Marissa Mayer’s New Plan For Yahoo Looks A Lot Like Her Old Plan For Yahoo

Yahoo CEO Marissa Mayer has spent close to two and a half years at the helm without articulating any particularly clear strategy for revitalizing the hodgepodge of a Web company. Now, pressured by activist shareholders who want her to cut costs and send its Alibaba-IPO windfall back to investors, Mayer has basically announced that she plans to … do more of what she’s been doing.

During the company’s quarterly earnings call on Tuesday, Mayer defended her strategy of acquiring startups—the majority of whose apps and services almost immediately vanished without a trace. Since Mayer took the helm in 2012, Yahoo has spent $1.6 billion on acquisitions. Most of that went to snap up social blogging platform Tumblr ($1.1 billion) and mobile analytics company Flurry (presumably somewhere around $300 million).
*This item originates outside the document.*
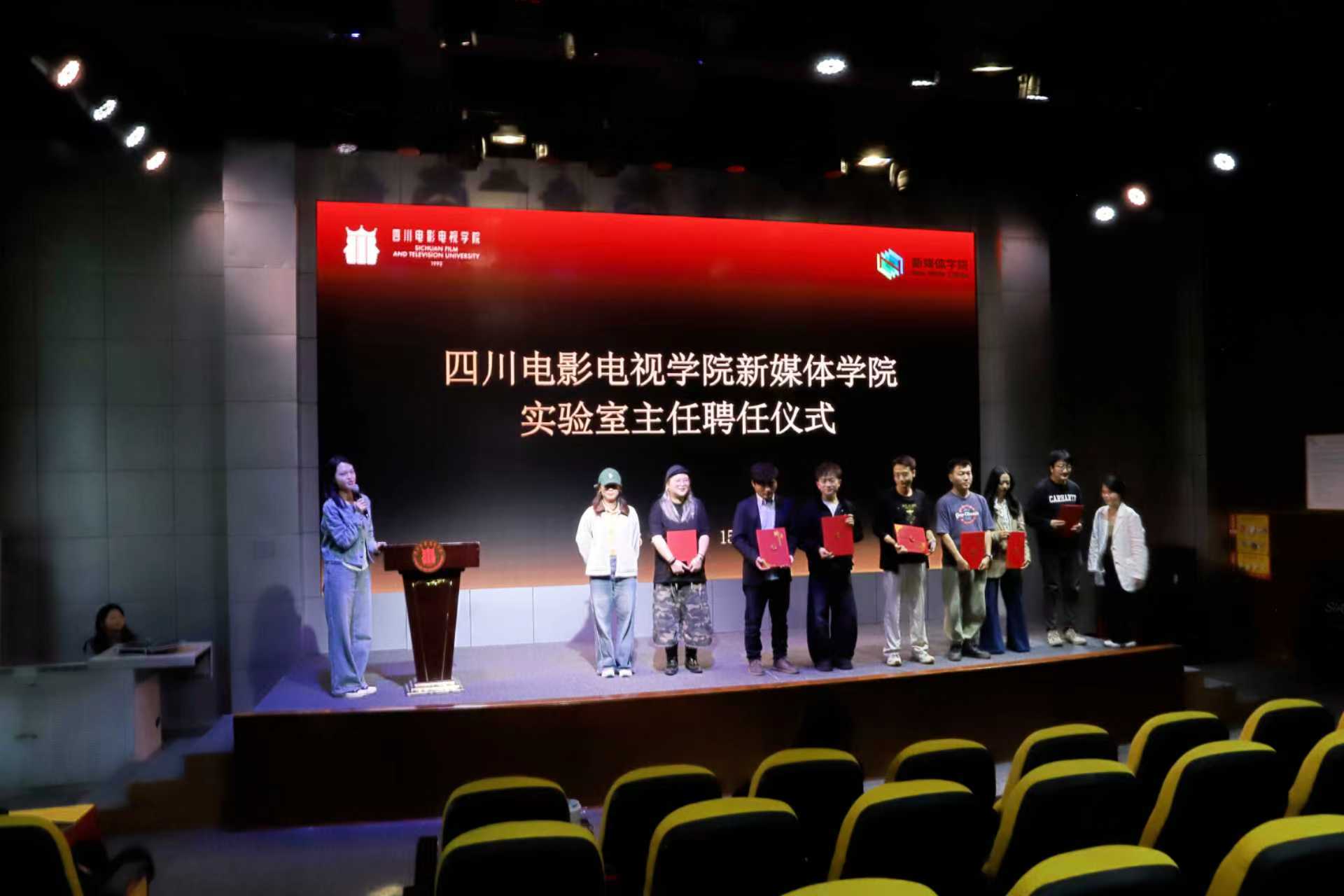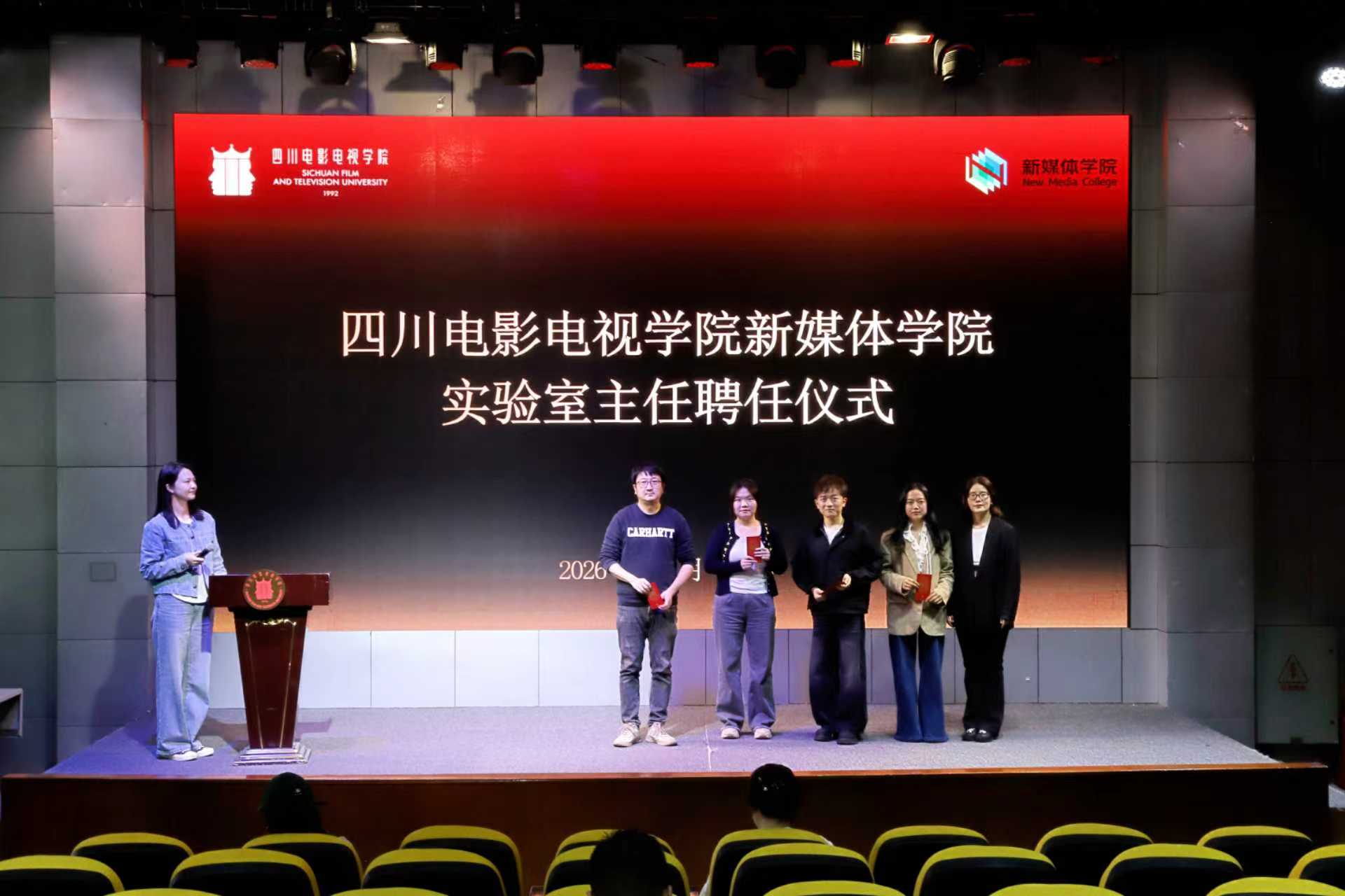 为紧跟影视传媒与AIGC技术发展前沿,规范实验室建设管理,推动学院教学科研工作提质增效,4月15日,新媒体学院实验室主任聘任仪式在金厅隆重举行。学院领导班子成员、全体教职工出席仪式,共同聚焦实验室建设与发展,明确工作方向,凝聚发展合力。

See also: Yahoo: Destroyer Of Startups

Mayer said her acquisitions have brought in talent, building-block technologies or “strategic” companies that complement or expand Yahoo’s other businesses. Tumblr and Flurry stand out as strategic plays in this scheme. She noted, for instance, that Yahoo and Tumblr now attract a billion “monthly average users,” meaning people who visit the sites at least once a month.

The Yahoo chief added said the infusion of startup employees has bolstered the teams working on Yahoo’s mobile products, while other purchases have brought in key technologies for one of the company’s four “pillars”—search, communications, digital magazines and video.

In recent months, Yahoo has been on a buying spree to bolster its mobile and advertising business; it’s picked up six related startups since March, plus two others in photo and document management. Yahoo competes with Google and Facebook in ads, two companies with growing dominance in online and mobile advertising.

Connecting The Dots

A chart to ease investor concerns over Mayer’s purchasing strategy.

Mayer was quick to draw a connection between her investments and Yahoo’s unexpectedly strong third-quarter financial results. Mobile revenue more than doubled year-over-year, she said. Native advertising was strong, accounting for $65 million in revenue for the company this quarter. 

“We achieved this revenue growth through strong growth in our new areas of investment—mobile, social, native and video—despite industry headwinds in some of our large, legacy businesses,” Mayer said in a statement to investors.  

Mayer also touched on cost-cutting strategies including closing eight offices, letting go of 2,000 poor-performing employees, and sunsetting more than 65 products.

Wolves At The Door

Mayer’s defensive plans are partly in response to activist investor Starboard LP, which recently sent a letter to Yahoo encouraging it to merge with similarly struggling Internet giant AOL. Yahoo and Mayer are facing pressure to turn the company around as questions about her leadership grow.

“We all came here to return in iconic company to greatness,” Mayer said on the call. “We’ve come really far, very fast.”